Reputation: 445
On an AWS EMR cluster, I'm trying to write a query result to parquet using Pyspark but face the following error:
Caused by: java.lang.RuntimeException: Parquet record is malformed: empty fields are illegal, the field should be ommited completely instead
at org.apache.hadoop.hive.ql.io.parquet.write.DataWritableWriter.write(DataWritableWriter.java:64)
at org.apache.hadoop.hive.ql.io.parquet.write.DataWritableWriteSupport.write(DataWritableWriteSupport.java:59)
at org.apache.hadoop.hive.ql.io.parquet.write.DataWritableWriteSupport.write(DataWritableWriteSupport.java:31)
at parquet.hadoop.InternalParquetRecordWriter.write(InternalParquetRecordWriter.java:121)
at parquet.hadoop.ParquetRecordWriter.write(ParquetRecordWriter.java:123)
at parquet.hadoop.ParquetRecordWriter.write(ParquetRecordWriter.java:42)
at org.apache.hadoop.hive.ql.io.parquet.write.ParquetRecordWriterWrapper.write(ParquetRecordWriterWrapper.java:111)
at org.apache.hadoop.hive.ql.io.parquet.write.ParquetRecordWriterWrapper.write(ParquetRecordWriterWrapper.java:124)
at org.apache.spark.sql.hive.execution.HiveOutputWriter.write(HiveFileFormat.scala:149)
at org.apache.spark.sql.execution.datasources.SingleDirectoryDataWriter.write(FileFormatDataWriter.scala:137)
at org.apache.spark.sql.execution.datasources.FileFormatWriter$$anonfun$org$apache$spark$sql$execution$datasources$FileFormatWriter$$executeTask$3.apply(FileFormatWriter.scala:245)
at org.apache.spark.sql.execution.datasources.FileFormatWriter$$anonfun$org$apache$spark$sql$execution$datasources$FileFormatWriter$$executeTask$3.apply(FileFormatWriter.scala:242)
at org.apache.spark.util.Utils$.tryWithSafeFinallyAndFailureCallbacks(Utils.scala:1394)
at org.apache.spark.sql.execution.datasources.FileFormatWriter$.org$apache$spark$sql$execution$datasources$FileFormatWriter$$executeTask(FileFormatWriter.scala:248)
... 10 more
I've read that this could happen if there were some columns with null values only, but after checking all column counts that is not the case.
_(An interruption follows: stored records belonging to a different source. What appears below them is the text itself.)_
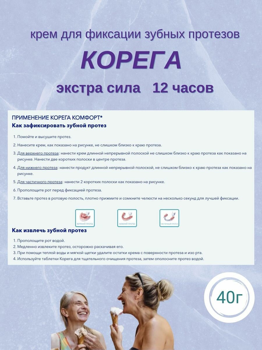 | Способ применения | нанесение: помойте и высушите протез. Нижний протез: нанесите крем Корега Максимальное Прилегание длинной полоской вдоль кромки протеза (но не слишком близко к ней). Верхний протез: нанесите крем Корега Максимальное Прилегание длинной полоской вдоль кромки протеза (но не слишком близко к ней), нанесите две короткие полоски в центральной части протеза. Извлечение: прополощите рот водой, затем медленно извлеките протез, осторожно раскачивая его. При помощи теплой воды и зубной щетки с мягкой щетиной удалите остатки крема с поверхности протеза и изо рта |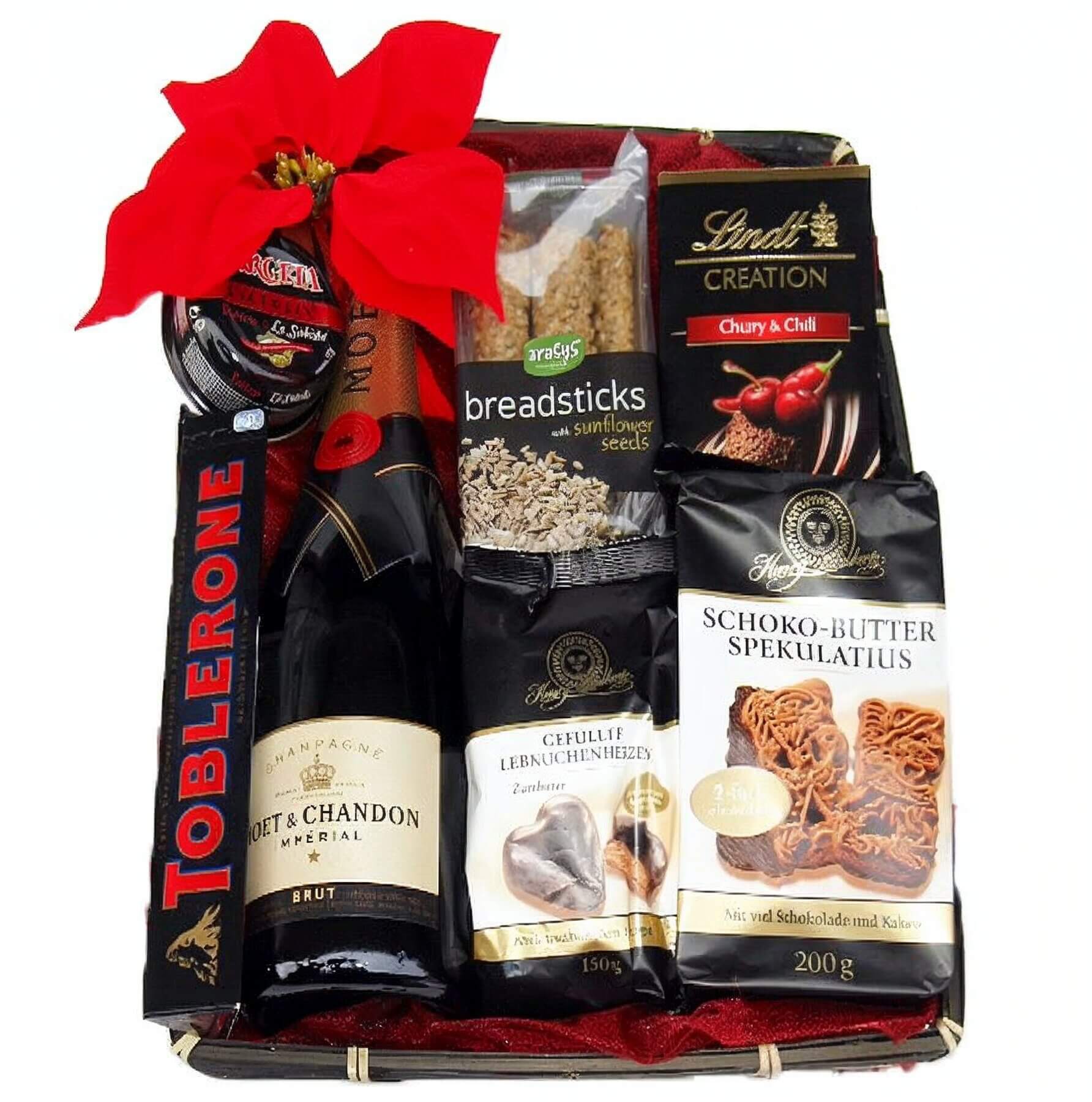Definitely only for those who appreciate good tastes good with everything from deer & Posta pistachio pate up to Moet imperial champagne. Your recipient will find that this treat basket just goes on and on long after the gift will be received.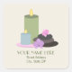 An address label sticker featuring an illustration of two candles, spa stones, and orchids. Personalise the green text with your name and address. Look for matching items at Jill's Paperie.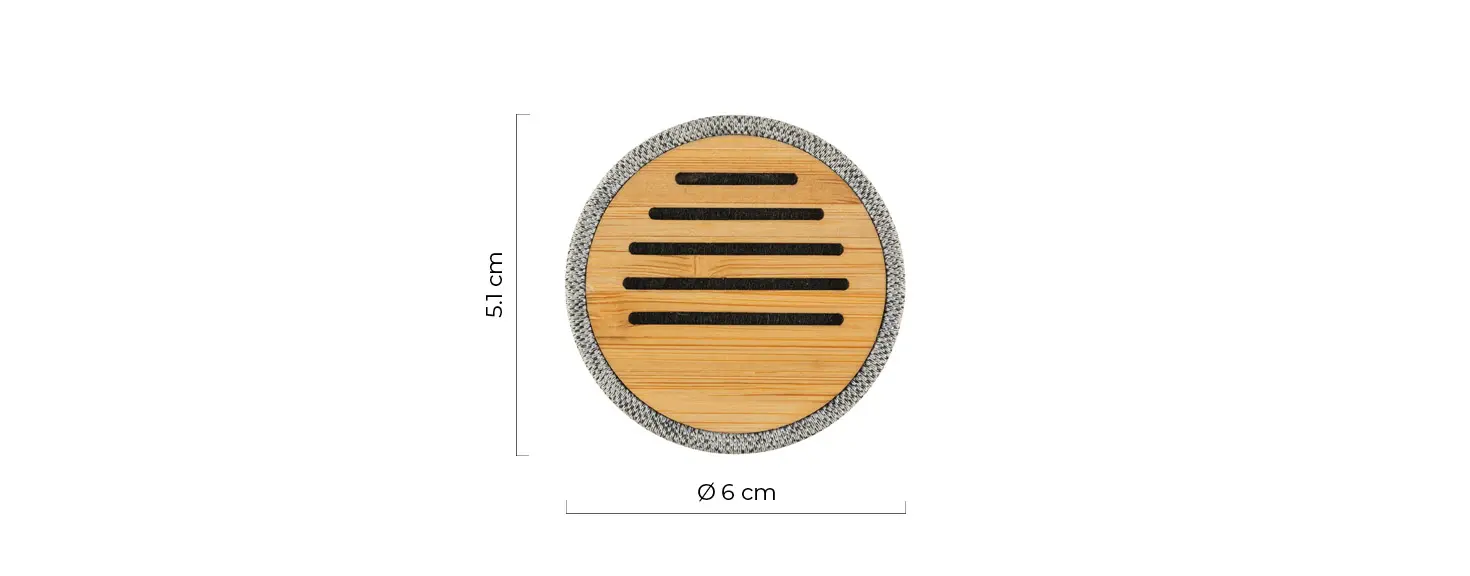 Material: bambus Dimenzija: O 6 x 5.1 cm Pakovanje: 64/1 Preporučena štampa: laserska gravura, digitalna štampa, tampon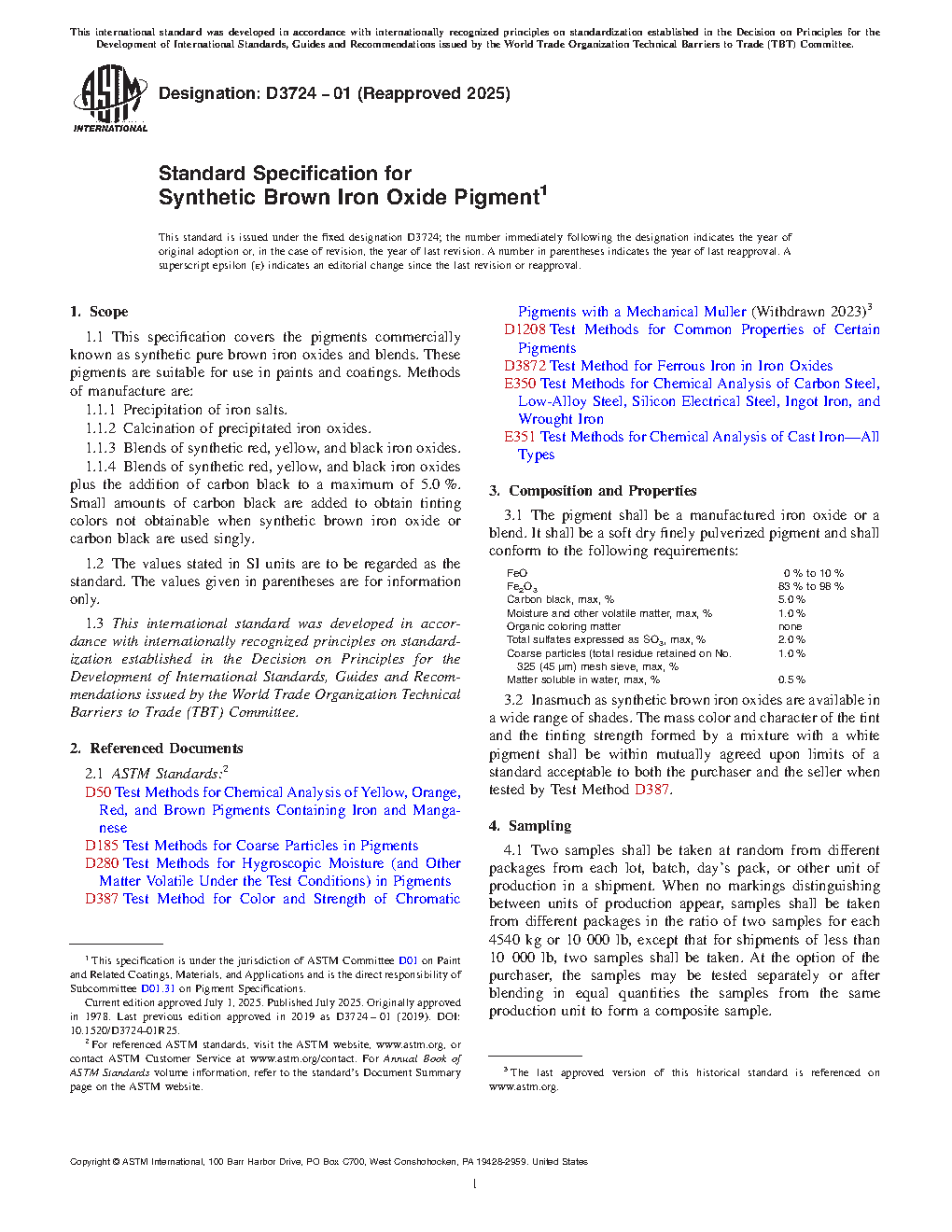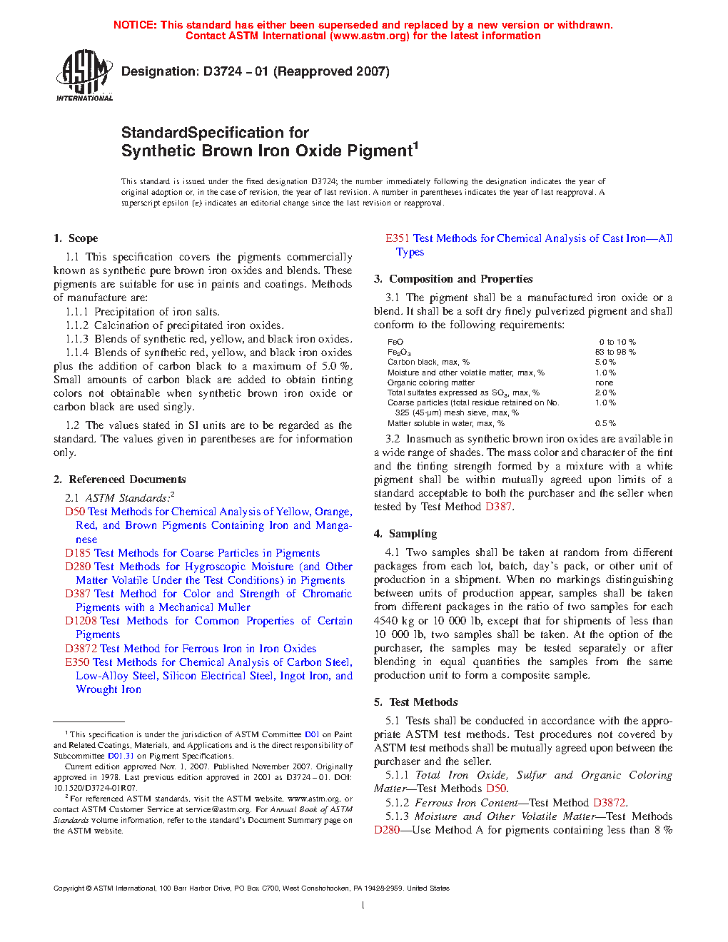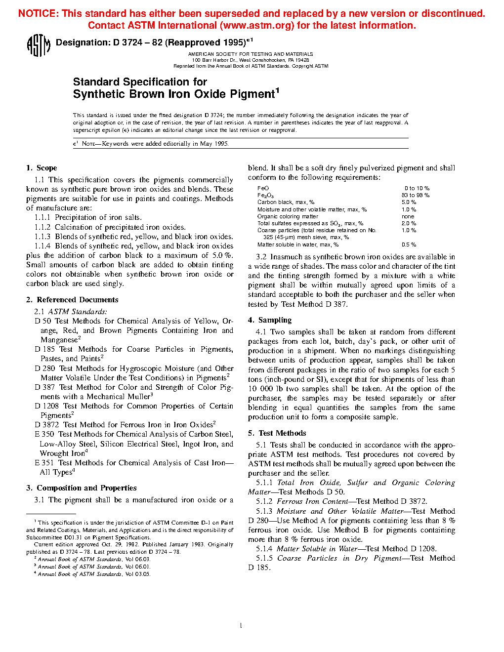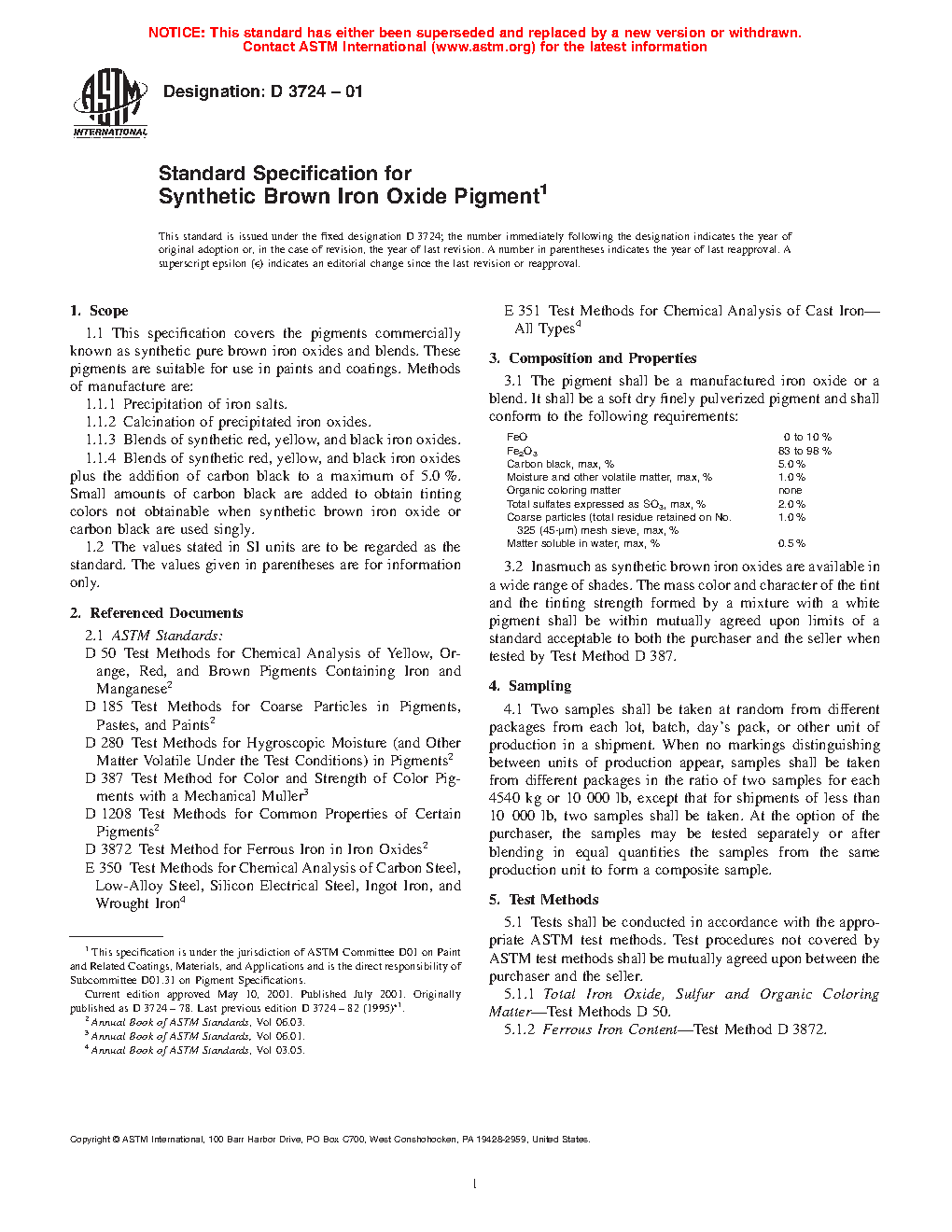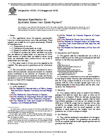 This specification establishes the properties and requirements for the pigments commercially known as synthetic pure brown iron oxides and its blends, suitable for use in paints and coatings. The pigment, which shall be soft, dry, and finely pulverized, may be manufactured by either of the following methods: precipitation of iron salts; calcination of precipitated iron oxides; blends of synthetic red, yellow, and black iron oxides; and blends of synthetic red, yellow, and black iron oxides plus the addition of carbon black. Specimens shall be suitably sampled and tested, and shall adhere to specified requirements as to total iron oxide, ferrous iron, carbon black, moisture and other volatile matter, organic coloring matter, total sulfates, coarse particles (total residue retained on No. 325 sieve), and water-soluble matter.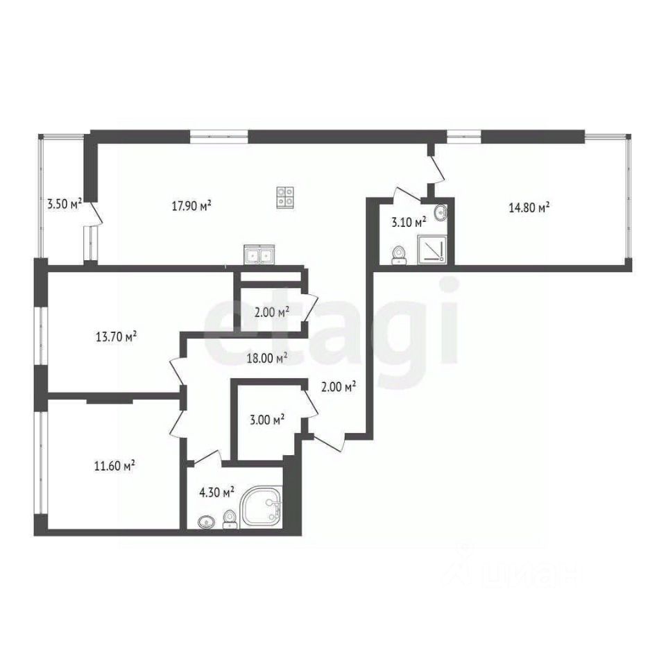 Отличная продуманная планировка, большая кухня-гостиная площадью почти 20 кв.м, где отлично выполнено зонирование пространства, нет ощущения перегруженности и тесноты - каждая вещь на своем месте. Приобретая эту квартиру вы покупаете не просто квадратные метры, вы покупаете комфорт на весь период проживания в ней.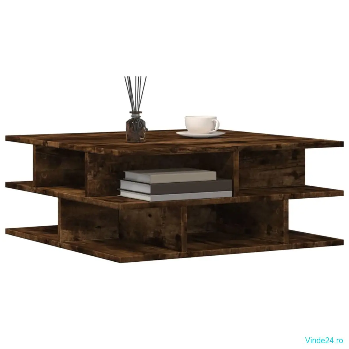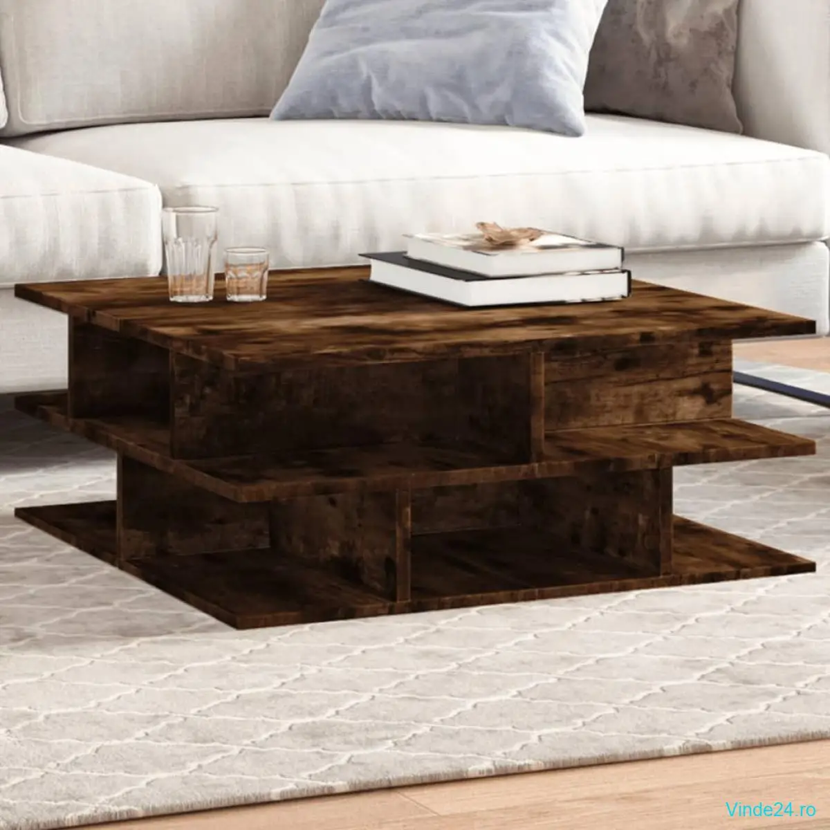 vidaXL Masă de cafea, stejar fumuriu, 70x70x29 cm, lemn compozit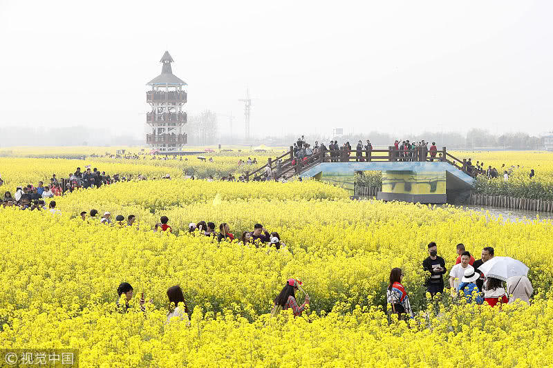 2019年4月7日,江蘇省興化市千垛菜花景區(qū)迎來旅游高峰期,數(shù)萬游客前來欣賞盛開的油菜花,樂享假日好時(shí)光。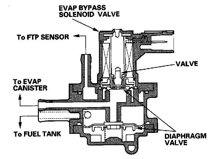 The EVAP two way valve sends fuel vapor to the EVAP canister corresponding to the pressure inside the fuel tank and prevents excessive vacuum in the fuel tank by drawing in fresh air through the EVAP canister. The EVAP bypass solenoid valve opens to bypass the two way valve during the EVAP leak check.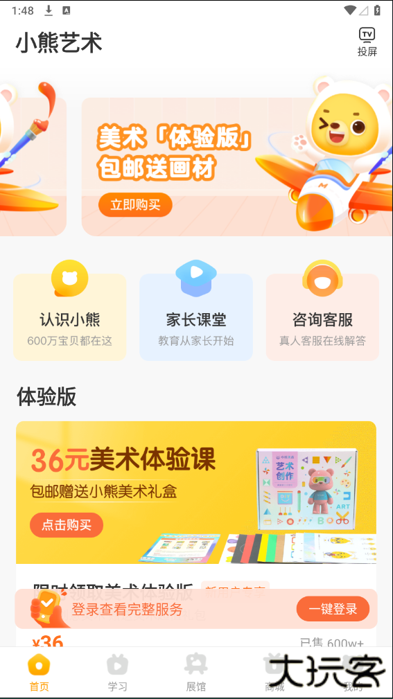 1、首先打开小熊美术课程app,点击【一键登录】,方便更快捷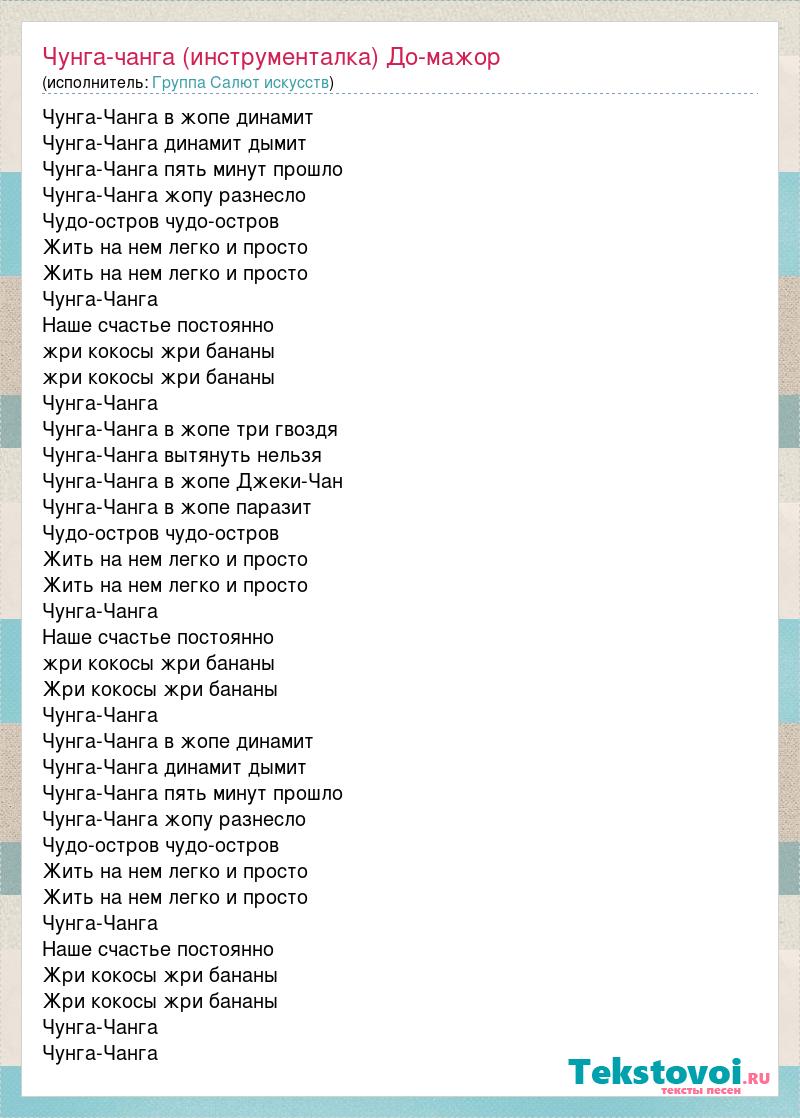 Чунга-Чанга в жопе динамит Чунга-Чанга динамит дымит Чунга-Чанга пять минут прошло Чунга-Чанга жопу разнесло Чудо-остров чудо-остров Жить на нем легко и просто Жить на нем легко и просто Чунга-Чанга Наше счастье постоянно жри кокосы жри бананы жри кокосы жри бананы Чунга-Чанга Чунга-Чанга в жопе три гвоздя Чунга-Чанга вытянуть нельзя Чунга-Чанга в жопе Джеки-Чан Чунга-Чанга в жопе паразит Чудо-остров чудо-остров Жить на нем легко и просто Жить на нем легко и просто Чунга-Чанга Наше счастье постоянно жри кокосы жри бананы Жри кокосы жри бананы Чунга-Чанга Чунга-Чанга в жопе динамит Чунга-Чанга динамит дымит Чунга-Чанга пять минут прошло Чунга-Чанга жопу разнесло Чудо-остров чудо-остров Жить на нем легко и просто Жить на нем легко и просто Чунга-Чанга Наше счастье постоянно Жри кокосы жри бананы Жри кокосы жри бананы Чунга-Чанга Чунга-Чанга

None of the columns is completely empty. Instead of using parquet, I tried to write the results to a text file and everything went smoothly.
Any clue what could trigger this error? Here are all the data types used in this table. There are 51 columns in total.
'array<bigint>',
'array<char(50)>',
'array<smallint>',
'array<string>',
'array<varchar(100)>',
'array<varchar(50)>',
'bigint',
'char(16)',
'char(20)',
'char(4)',
'int',
'string',
'timestamp',
'varchar(255)',
'varchar(50)',
'varchar(87)'
Upvotes: 7
Views: 9929
Reputation: 373
As Shinagan wrote, you can check if the array is empty and set it to Null.
You can do it by using the cardinality
function:
case when cardinality(array_x) = 0 then null else array_x end
Upvotes: 0
Reputation: 818
It looks like you are using one of Spark's Hive write paths (org.apache.hadoop.hive.ql.io.parquet.write
). I was able to work around this issue by instead writing directly to parquet, then later adding partitions to any Hive table needed.
df.write.parquet(your_path)
spark.sql(f"""
ALTER TABLE {your_table}
ADD PARTITION (partition_spec) LOCATION '{your_path}'
""")
Upvotes: 0
Reputation: 445
Turns out Parquet does not support empty arrays. This error will be triggered if there is one or more empty arrays (of any type) in the table.
One workaround is to cast the empty arrays to NULL values.
Upvotes: 19